Mad Men is a TV show that premiered on July 19, 2007 on the American Cable Network (AMC) and has been running ever since. The show takes place in the 1960s in a fictional advertising agency named Sterling Cooper on Madison Avenue in New York City. “Mad men” was a slang term coined in the 1950s by advertisers working on Madison Avenue. The show focuses on the business of the agency and the lives of the characters who work in the Agency. One of the Main characters, Don Draper, is a creative director in Sterling Cooper. I am interested in this TV show because I believe that the first episode uses the metaphors of the show in order to portray the main character Don Draper. My understanding of the show is that it uses specific metaphors of the first episode, such as cigarettes and the Freudian theory of the death wish, in order to portray a character in the show. My Rhetorical analysis will focus on deeply analyzing the metaphors of the show rather than the show itself. I will only briefly summarize the show so the audience will get a pretty good understanding of the show without watching the show itself. However, after re-watching the show, the audience will realize all the metaphors that the writers of the show are trying to portray. While researching this topic, I could not find an online article that talks about how a cigarette is comparable to Don Draper, and I feel like it will be very eye opening. The method of which I intend to approach analyzing this TV show would be to compare a cigarette to Don Draper and seeing how similar they are to each other. The three topics on which I will discuss will be the slogan of the cigarette company’s slogan which is, “It’s Toasted.” I will talk about the Freudian theory of the death wish, and I will also talk about the struggle of the falling man and how all of this relates back to Don Draper and causes him to become an ideal man and someone to aspire to.


The More You Know, the Madder You Get

I wish to do a substantial revision on my rhetorical analysis because, the first episode of Mad Men was very well directed.

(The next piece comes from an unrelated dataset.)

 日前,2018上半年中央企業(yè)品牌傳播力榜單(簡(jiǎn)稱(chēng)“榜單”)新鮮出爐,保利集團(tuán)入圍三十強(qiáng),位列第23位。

However, I feel like there is so much more information I could include into the paper that I did not do so in the rhetorical analysis. My rough draft of the rhetorical analysis was very shaky. It was more of a summary than an analysis of the first episode. However, my revised version and my final version was a whole lot better, though I still feel like I can do a better job on it. I intend to change this assignment entirely by researching each metaphor of the show intensely. In the past, I only covered the rhetoric of ideas and how it portrays Don Draper. Since the first episode is about creating ad pitch for cigarettes, we can tell that the first episode defines what kind of person Don Draper is. The pilot episode is usually used to introduce characters, and Mad Men’s pilot episode did not disappoint. I feel like I left out a lot of ideas that portrayed Don Draper when the first episode is chock-full of them. I just need to figure out of a way of incorporating these ideas with my essay. The main point of my rhetorical analysis was: the first episode uses the metaphors of advertisement in order to sell a concept and construct the main character, Don Draper. Though this was my main idea, I did not do a good job of writing the paper. It did not flow and there were many points that were not connected to each other. Since 90% of the paper has to be changed, I will be starting the paper from scratch, but taking some ideas from my rhetorical analysis and putting a lot of effort into the new paper, thus copy-editing and proof reading would be done after I finished the my first draft. Copy editing and proof reading will be done by re-reading the paper while looking for punctuation and grammatical mistakes. I believe the easiest way to do this would be to read the paper out loud to catch any silly errors.